How to Add Streaming AI to Your Next.js App Without a Surprise API Bill

The streaming layer every AI agent UI needs in Next.js: token limits, error boundaries, and cost controls the Vercel AI SDK tutorials skip. Built so the bill does not 10x overnight.

Abhishek Sharma· Founder, Fordel Studios

April 13, 2026Updated May 8, 202612 min read

How to Add Streaming AI to Your Next.js App Without a Surprise API Bill

Every Next.js tutorial shows you how to get a chatbot running in 15 minutes. None of them show you what happens when a user pastes in a 40,000-token document and asks for a summary. Here is how we actually set this up at Fordel.

···

Why does streaming matter for AI features?

When you call an LLM without streaming, the user stares at a blank screen for 3 to 15 seconds while the model generates its full response. That is an eternity in web UX. Streaming sends tokens to the browser as they are generated, so the user sees the first word in under 500 milliseconds.

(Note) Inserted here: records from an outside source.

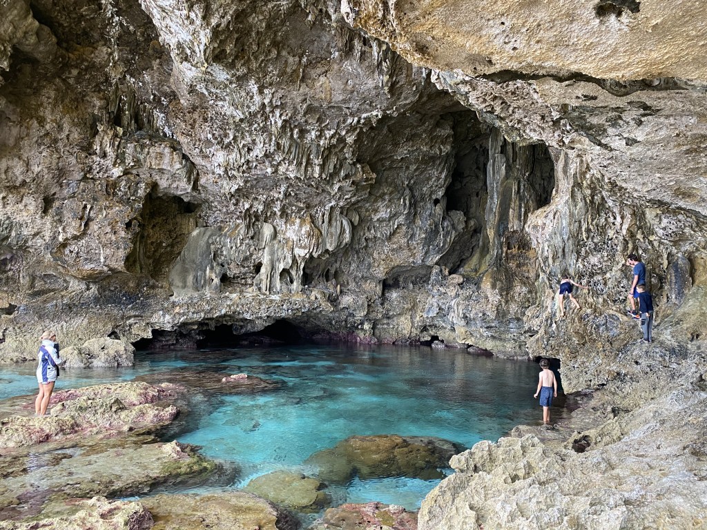 The kids like to wander off, bushwhacking to other small caves in the limestone hills.   We swam in iridescent blues in the Limu pools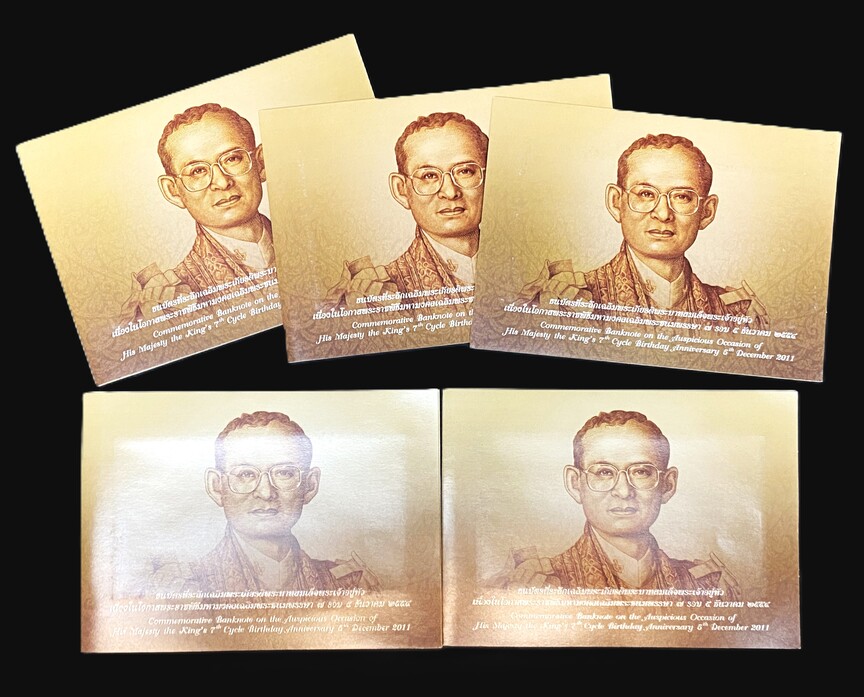 2011 泰國泰皇(拉瑪九世84歲生辰) 100 baht UNC 編號:見圖…(共5張,連摺套)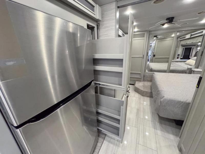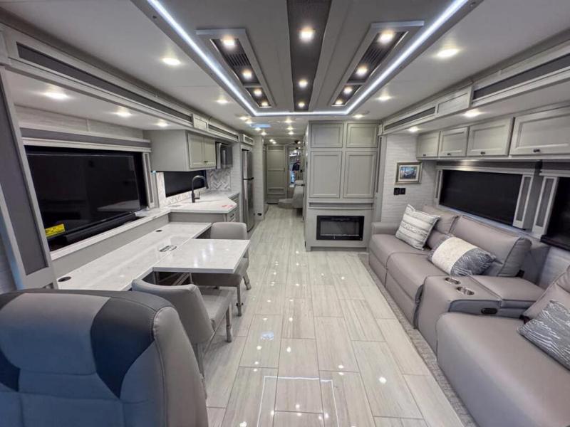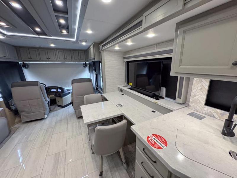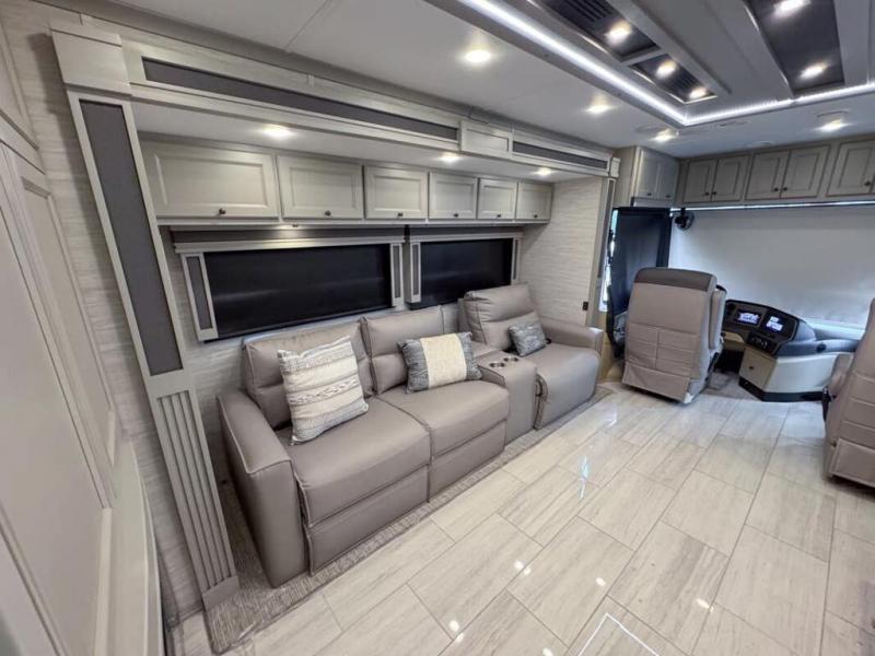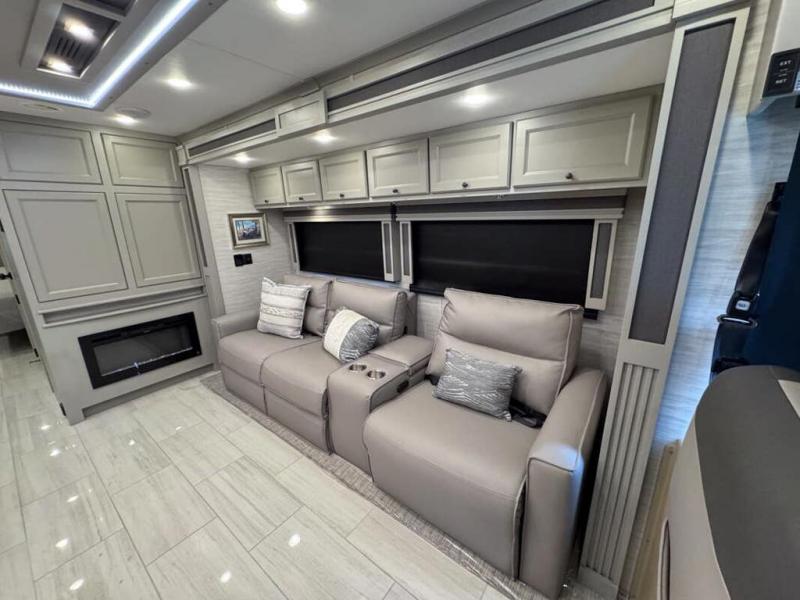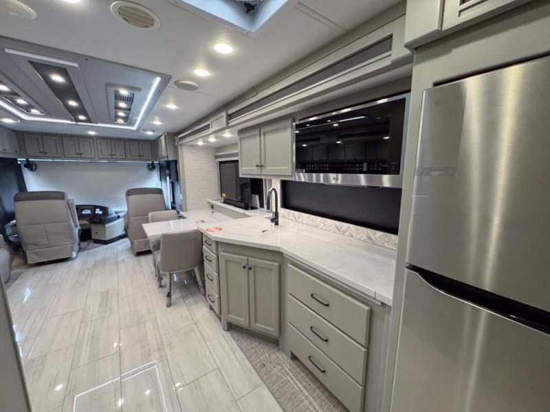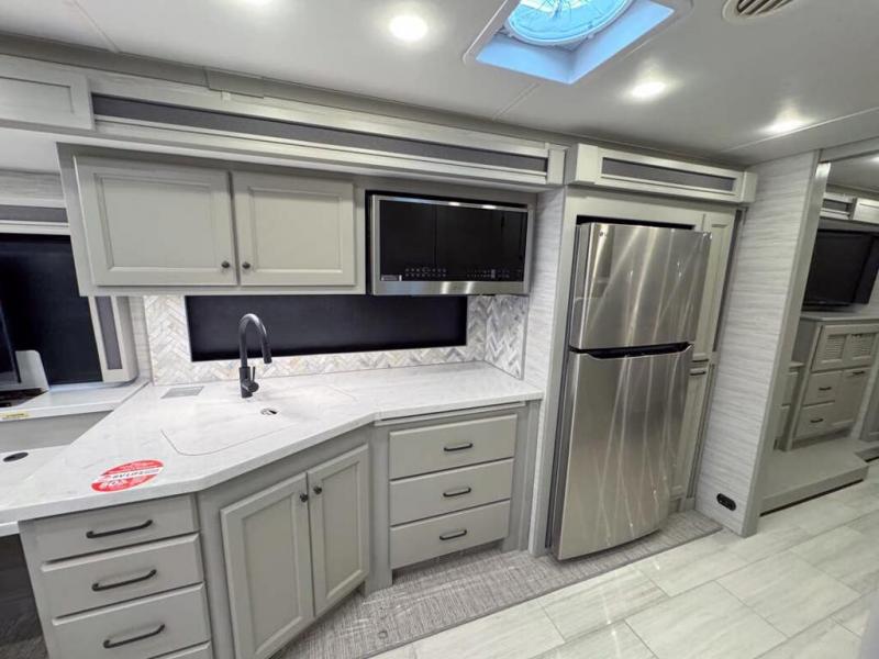 There are many, many reasons you'll instantly fall in love with this Allegro RED Class A diesel motorhome! You have three TVs including an exterior one to keep everyone entertained, and the kitchen is filled with tons of tools to create delicious meals, like a 1.7 cu. ft. smart convection microwave with air fry, 20 cu. ft. stainless steel residential refrigerator with top freezer, pantry, double-bowl sink, and panoramic galley window. You'll also be quite impressed with the full bathroom that has a one-piece fiberglass shower, roof vent fan, solid-surface vanity top, and a skylight and LED light in the shower. If you need more sleeping space in addition to the 72" x 80" king bed, air coil sofa bed, a booth dinette sleeper, you could switch out for three different seating choices, including an optional super sofa or U-shaped dinette!

But streaming is not just about perceived performance. It also changes your infrastructure economics. A non-streaming request ties up a serverless function for the full generation time. On Vercel, that means you are paying for 10 to 30 seconds of function execution per request. With streaming, you are still paying for that time — but the user experience justifies it, and you can add guardrails to cut generation short when it goes off the rails.

3-15sTypical LLM response timeWithout streaming, users see nothing until the full response arrives

···

What do you need before starting?

Prerequisites

A Next.js 14+ project with the App Router (Pages Router works but the patterns differ)
An OpenAI or Anthropic API key (this guide uses OpenAI, but the AI SDK abstracts the provider)
Node.js 18+ (for native fetch and streaming support)
Basic familiarity with React Server Components and Route Handlers

If you do not have a Next.js project yet, npx create-next-app@latest works. We are assuming TypeScript throughout — if you are writing plain JavaScript in 2026, that is a separate conversation.

···

How do you install and configure the AI SDK?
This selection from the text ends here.